Java [Leetcode 39]Combination Sum

题目描述：

Given a set of candidate numbers (C) and a target number (T), find all unique combinations in C where the candidate numbers sums to T.

The same repeated number may be chosen from C unlimited number of times.

Note:

• All numbers (including target) will be positive integers.
• Elements in a combination (a1, a2, … , ak) must be in non-descending order. (ie, a1 ≤ a2 ≤ … ≤ ak).
• The solution set must not contain duplicate combinations.

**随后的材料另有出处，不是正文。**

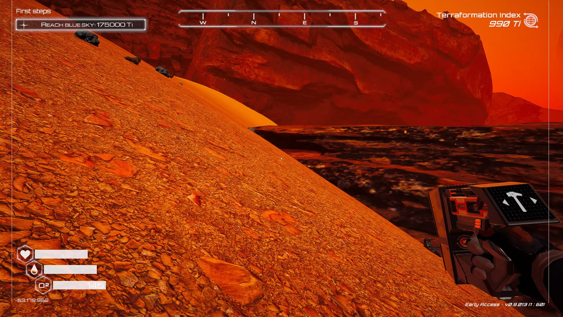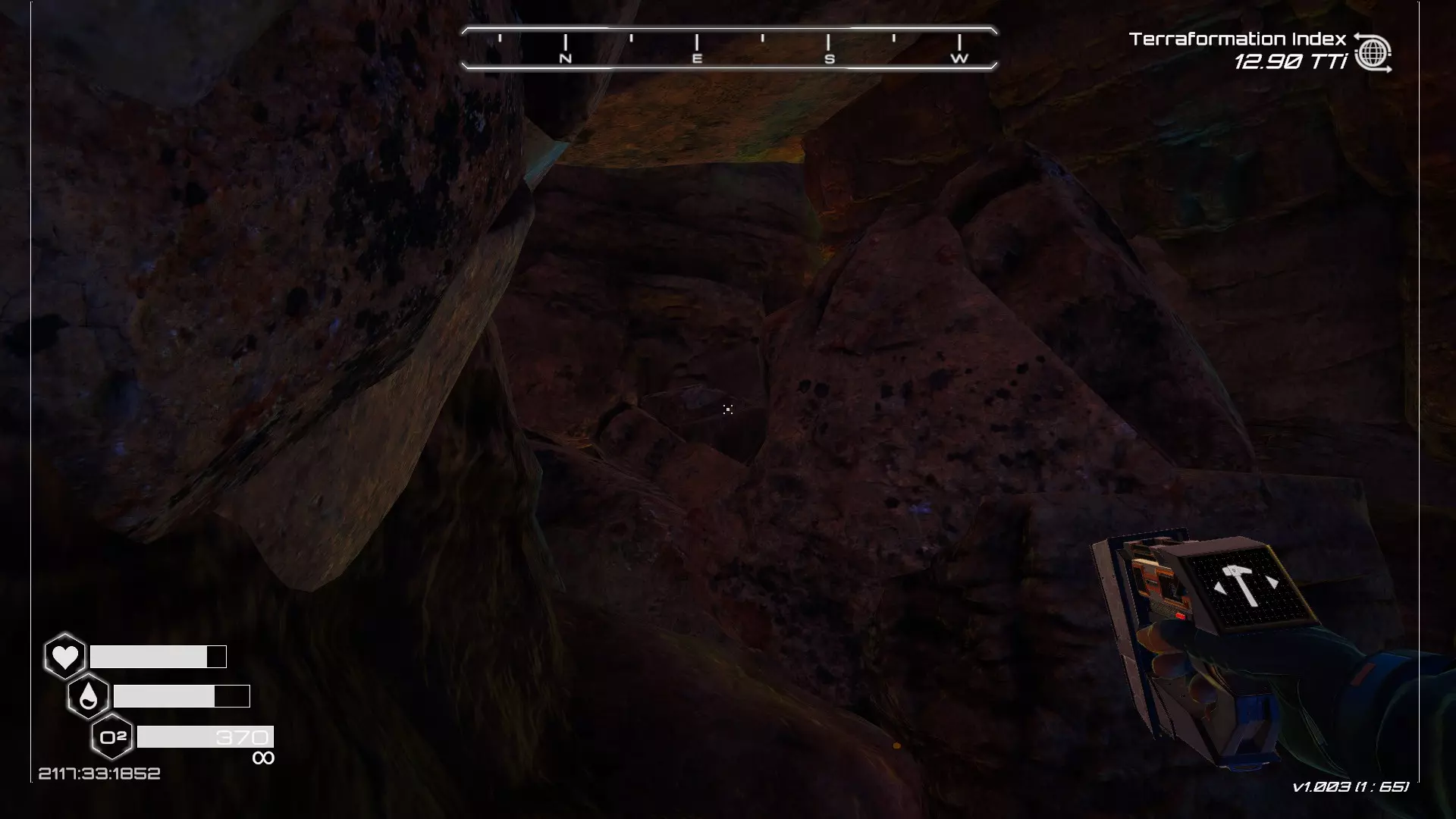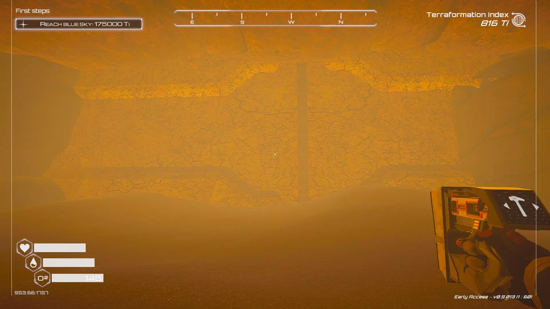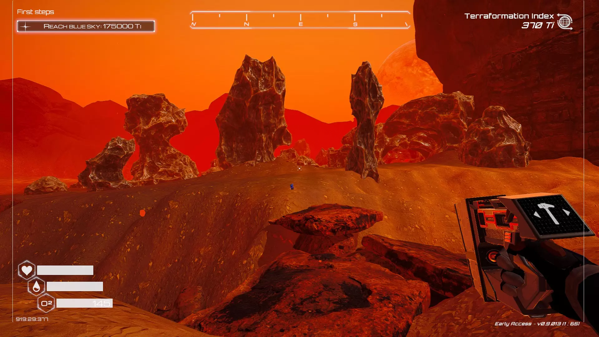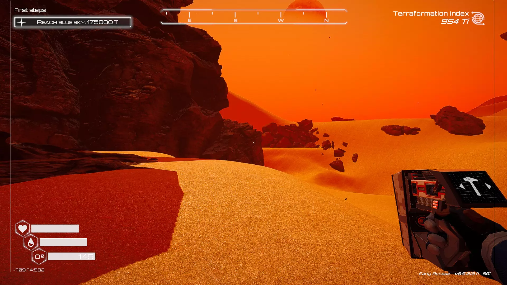 大致坐标:290:161:1008 3. 中央高原东部宝箱 在登陆舱的正北方,有一片平坦区域(高原),适合建造早期基地。这片高原的东部是铝矿开采区(布满大型灰色岩石)。 高原和铝矿开采区之间有一条小裂缝或河床。 裂缝中间有一组大型深色岩石(见图底部的那块)。
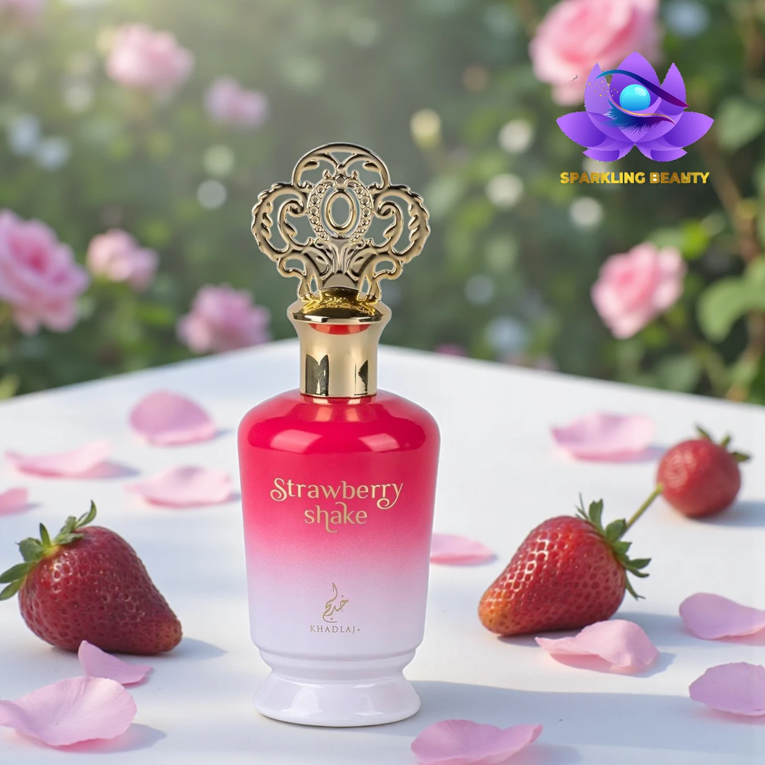 Khadlaj Strawberry Shake é uma fragrância deliciosamente divertida que proporciona uma doce fuga a cada borrifadela.
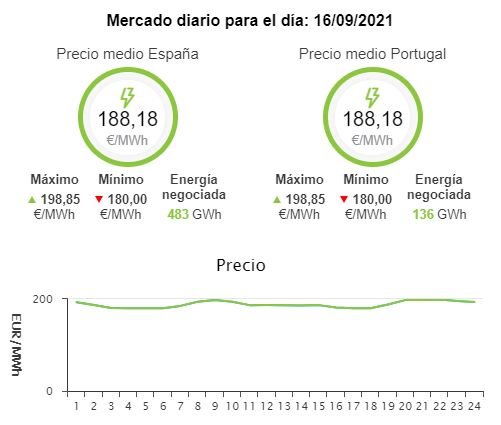 Por franjas horarias, el precio más alto de este jueves se registrará entre las 21.00 y las 22.00 horas, momento en el cual llegará a los 198,85 euros. El más bajo, de 180 euros, se pagará entre las 03.00 y las 06.00 y entre las 16.00 y las 18.00 horas.
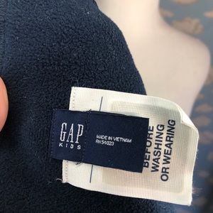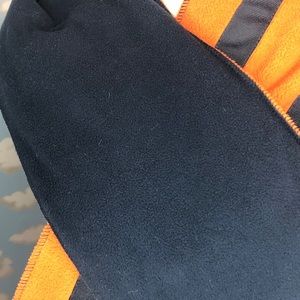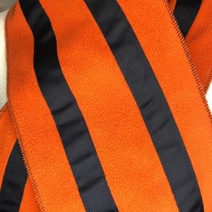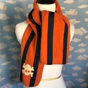 GapKids fleece scarf. Orange with navy grosgrain stripes and skull/crossbones appliqué. Opposite size navy blue fleece. Scarf is about 7” wide and 56” long. In excellent used condition.
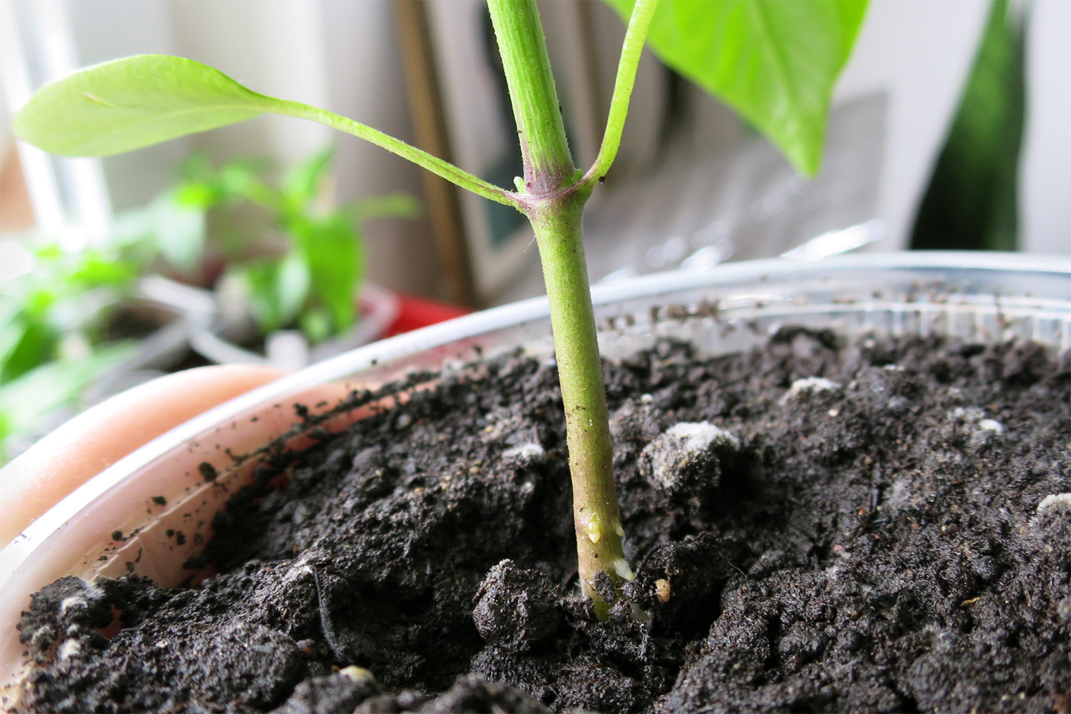 Объема 100 мл мало для качественной рассады, но приемлемо для ее существования и даже для получения урожая. Для крепкой рассады нужен объем 500—600 мл, но такие стаканы занимают много места на подоконнике, поэтому я пересаживаю в них уже подросшие растения.

For example, given candidate set 2,3,6,7 and target 7, 
A solution set is: 
[7] 
[2, 2, 3]

解题思路：

首先将数组排序，然后应用回溯和贪心的算法，首先从最小的数开始，尽可能的将该数字放入List中，如果加入的数目太多导致下面没有数字可以使综合等于target则将之前加入的数字弹出，换进下一个数字，如此反复。

代码如下：

public class Solution {
    public List<List<Integer>> combinationSum(int[] candidates,
			int target) {
		Arrays.sort(candidates);
		List<List<Integer>> result = new ArrayList<List<Integer>>();
		getResult(result, new ArrayList<Integer>(), candidates, target, 0);
		return result;
	}

	public void getResult(List<List<Integer>> result,
			List<Integer> current, int[] candiates, int target, int start) {
		if (target > 0) {
			for (int i = start; i < candiates.length && target >= candiates[i]; i++) {
				current.add(candiates[i]);
				getResult(result, current, candiates, target - candiates[i], i);
				current.remove(current.size() - 1);
			}
		} else if (target == 0) {
			result.add(new ArrayList<Integer>(current));
		}
	}
}